- [Given information]
>>>
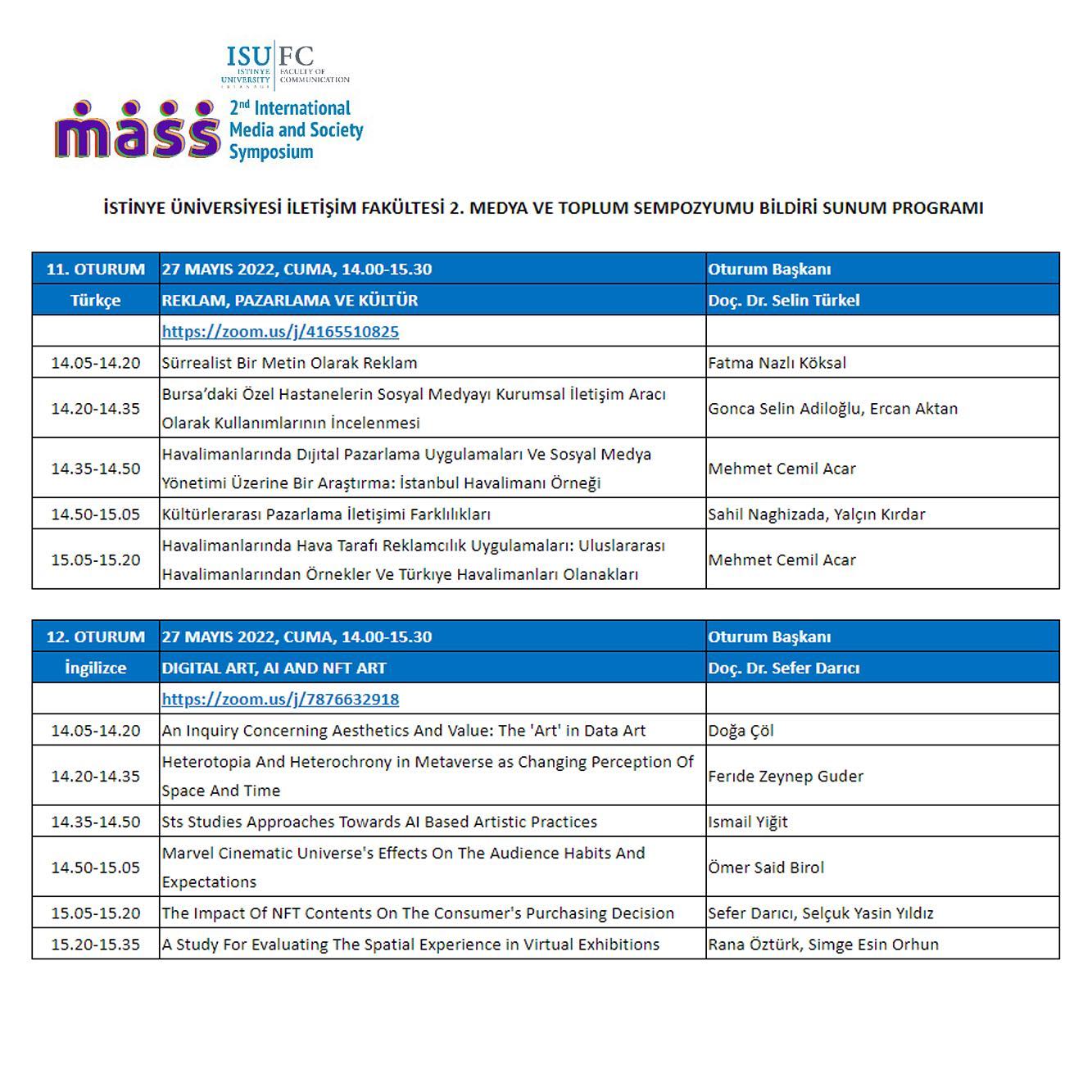 Bu kapsamda sempozyumun on birinci oturumu REKLAM, PAZARLAMA VE KÜLTÜR başlığıyla Doç. Dr. Selin Türkel'in oturum başkanlığında, 27 MAYIS 2022, CUMA, 14.00-15.30 tarihinde gerçekleştirildi. Program aşağıda sunulmaktadır:
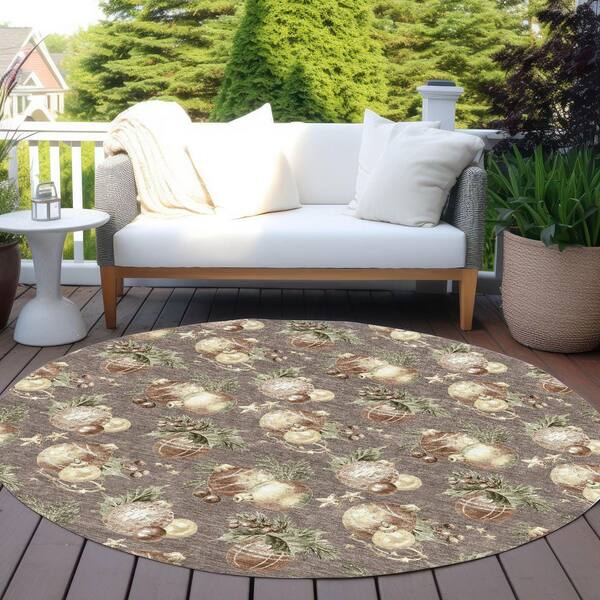 Chantille Machine Washable Indoor/Outdoor Abstract ACN1828 Taupe 8 ft. x 8 ft. Round Rug
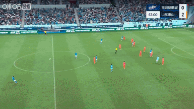 比赛第64分钟,韦斯利助攻列昂索破门,场上比分深圳新鹏城1-2山东泰山。
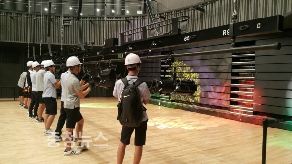 이날 행사는 대전탄방중학교 3학년 14반 학생 30명이 참여해 무대기계와 조명, 음향 등 공연장 무대와 관련한 다양한 직업군을 생생하게 체험하면서 펼쳐졌다.
<<<
- [What to do] Every line from the one with "比赛第64分钟,韦斯利助攻列昂索破门,场上比分深圳新鹏城1-2山东泰山。" through the last line of the data must be copied exactly. Leave the pictures out.

- [Output of the task]
 比赛第64分钟,韦斯利助攻列昂索破门,场上比分深圳新鹏城1-2山东泰山。
 이날 행사는 대전탄방중학교 3학년 14반 학생 30명이 참여해 무대기계와 조명, 음향 등 공연장 무대와 관련한 다양한 직업군을 생생하게 체험하면서 펼쳐졌다.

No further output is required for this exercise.